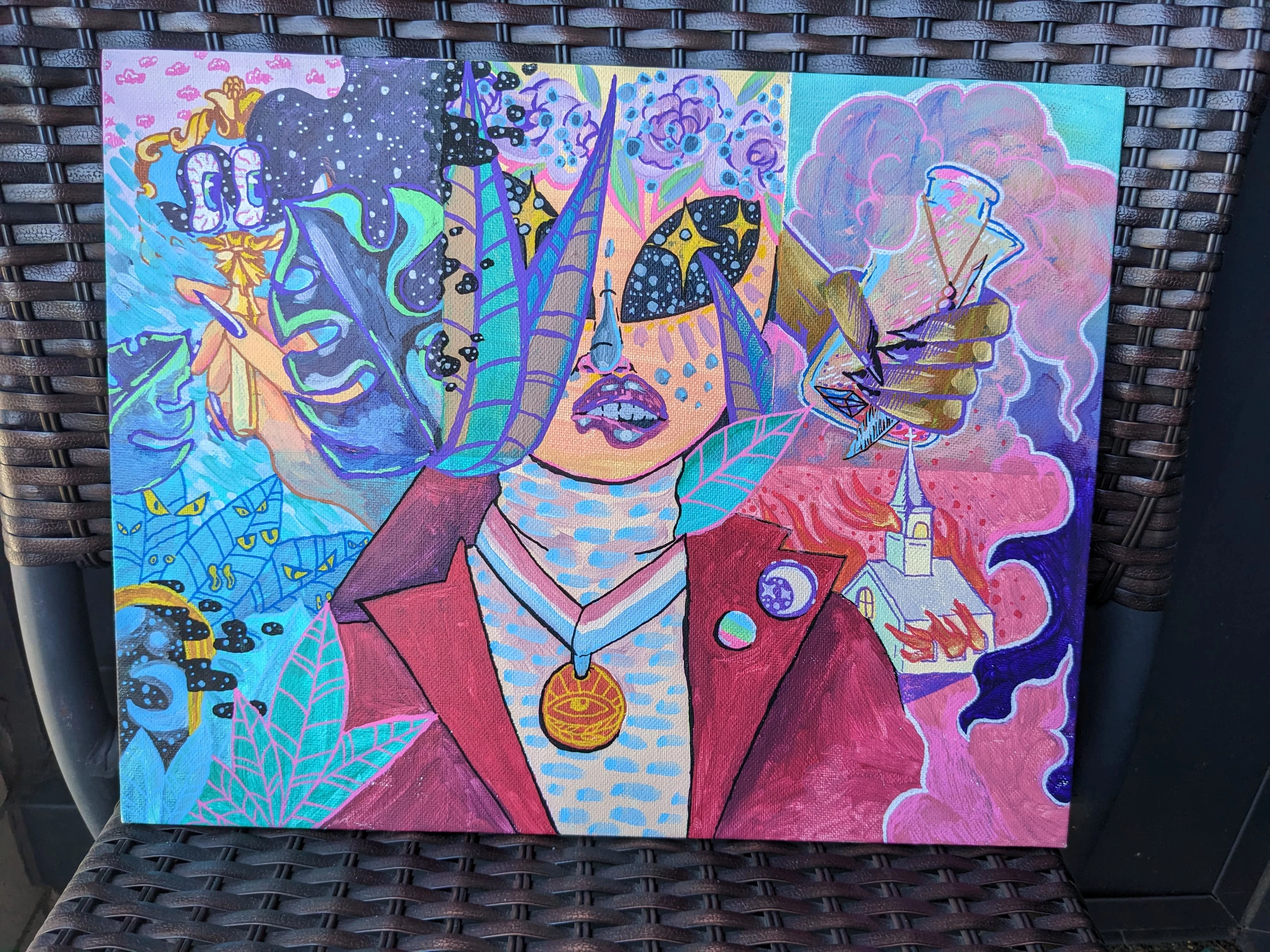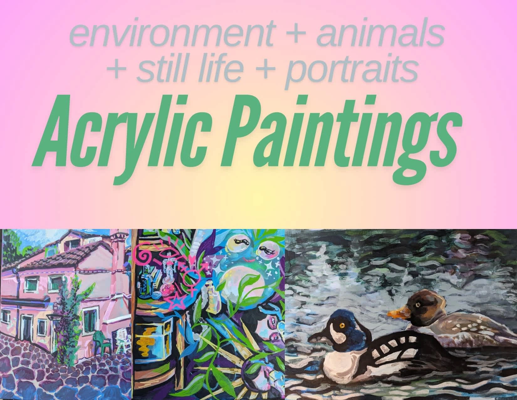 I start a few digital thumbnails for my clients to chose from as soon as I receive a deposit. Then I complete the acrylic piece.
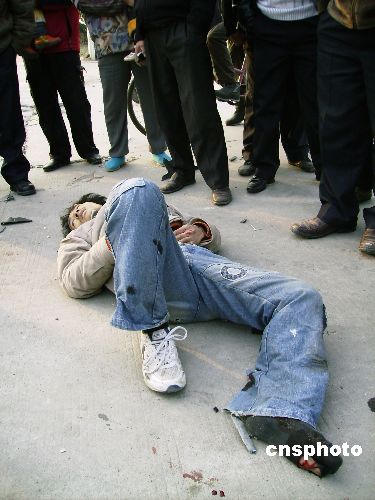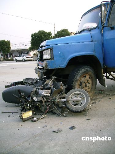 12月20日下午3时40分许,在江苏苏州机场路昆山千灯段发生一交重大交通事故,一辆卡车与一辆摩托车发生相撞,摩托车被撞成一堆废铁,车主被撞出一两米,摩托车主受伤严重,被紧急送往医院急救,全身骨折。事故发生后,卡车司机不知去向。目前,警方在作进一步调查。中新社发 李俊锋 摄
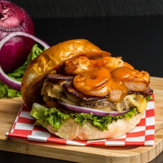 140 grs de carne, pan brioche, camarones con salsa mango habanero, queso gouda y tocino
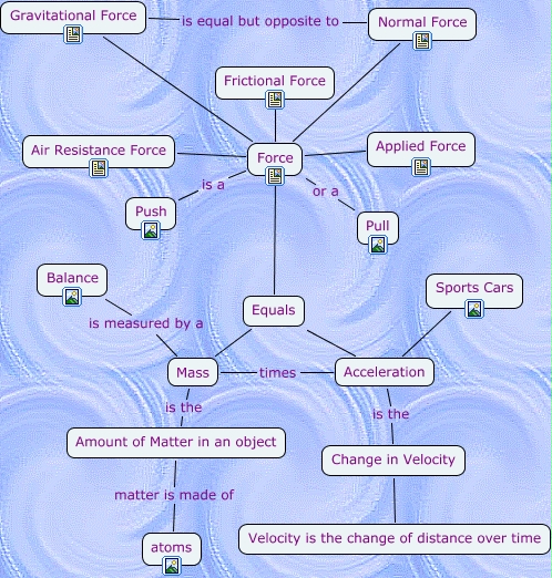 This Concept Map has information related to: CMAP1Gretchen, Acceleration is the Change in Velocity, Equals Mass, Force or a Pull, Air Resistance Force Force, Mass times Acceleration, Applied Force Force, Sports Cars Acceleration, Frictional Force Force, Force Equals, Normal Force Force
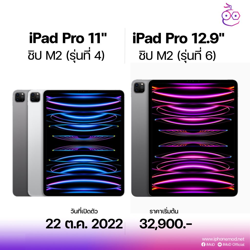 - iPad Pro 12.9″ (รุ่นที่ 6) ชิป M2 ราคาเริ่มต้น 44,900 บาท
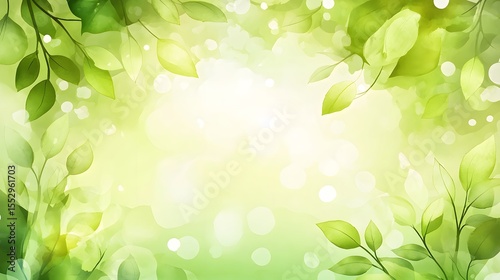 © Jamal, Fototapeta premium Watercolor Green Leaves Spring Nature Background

● **Problem**
Please output the lines of the records above from the one with "- iPad Pro 12.9″" through the last, exactly as they appear and with both ends included; skip any pictures and add nothing.

● **Exercise output**
 - iPad Pro 12.9″ (รุ่นที่ 6) ชิป M2 ราคาเริ่มต้น 44,900 บาท
 © Jamal, Fototapeta premium Watercolor Green Leaves Spring Nature Background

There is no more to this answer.